3. The wire feeding device (1) according to claim 2, characterized in that, The spring wire (30) has a U-shaped shape and has a first leg section (31), a middle section and a second leg section (32), wherein the first end of the first leg section (31) is fixed to the support unit (2) and the second end of the second leg section (32) is arranged on the support unit (2) under pretension, wherein the second end has a contact section (32a) which is bent parallel to the middle section and arranged in operation in front of the tip of the locking element (27).

4. The wire feeding device (1) according to claim 3, characterized in that, The first leg segment (31) and the second leg segment (32) extend horizontally during installation, and the middle segment has two connecting sections (33a, 33b), one of which extends vertically from one of the first leg segment (31) and the second leg segment (32), and the other connecting section extends horizontally.

5. The wire feeding device (1) according to claim 4, characterized in that, The second leg segment (32) is configured to move in the horizontal direction.

6. The wire feeding device (1) according to any one of claims 1 to 5, characterized in that, The outlet sensor (22) has two legs (23, 24), one end of which has an inclined section (23a, 24a). The two legs are mounted on the support unit (2) and connected by a cylindrical plastic body (25) extending along the axis of rotation (A). The two legs (23, 24) are connected at their opposite ends by a line guide element in the form of a web (26), and a locking element (27) is formed as a protrusion (29) on the plastic body (25).
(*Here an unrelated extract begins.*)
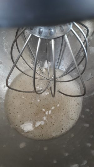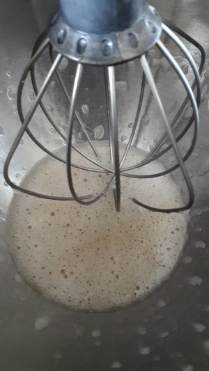 - Place the Bean Juice into the mixer with a whisk attachment attached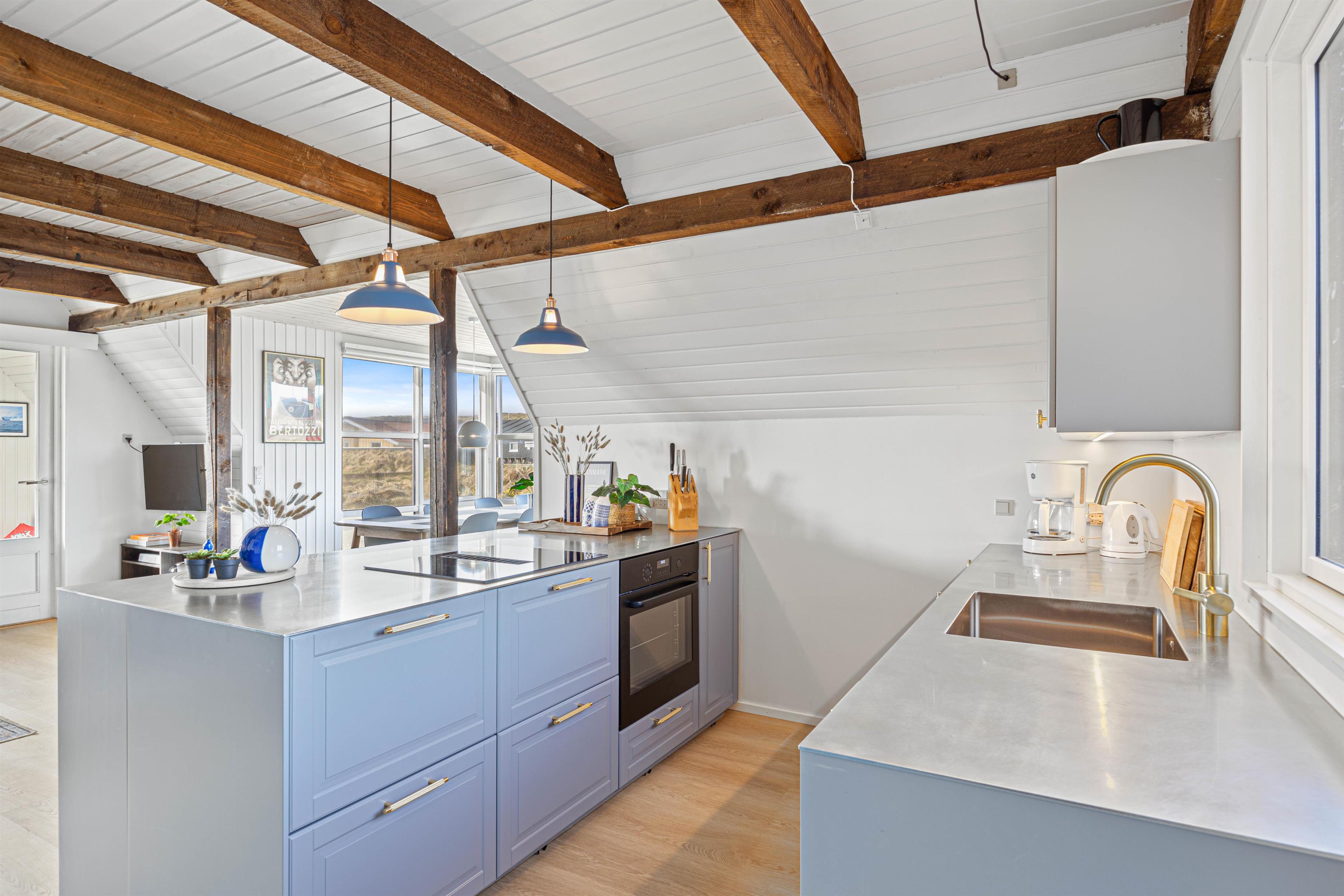 The holiday home is comfortably furnished with cosy sofa groups in the living room, allowing you to enjoy beautiful dune views during the day. In the evening, you can relax by the wood-burning stove with a nice glass of wine.

7. The wire feeding device (1) according to any one of claims 1 to 5, wherein an additional stop element is provided, said additional stop element being formed of a wire guiding element designed as a wire exit element (21) and disposed downstream of the exit sensor (22) in the wire running direction, characterized in that, The locking position is set next to the operating position (I), and the locking element (27) of the outlet sensor (22) is set relative to the outlet element (21) such that when the outlet sensor (22) moves to the locking position, the outlet element (21) first elastically deforms through the outlet sensor (22), and then the spring element slides behind the locking element (27).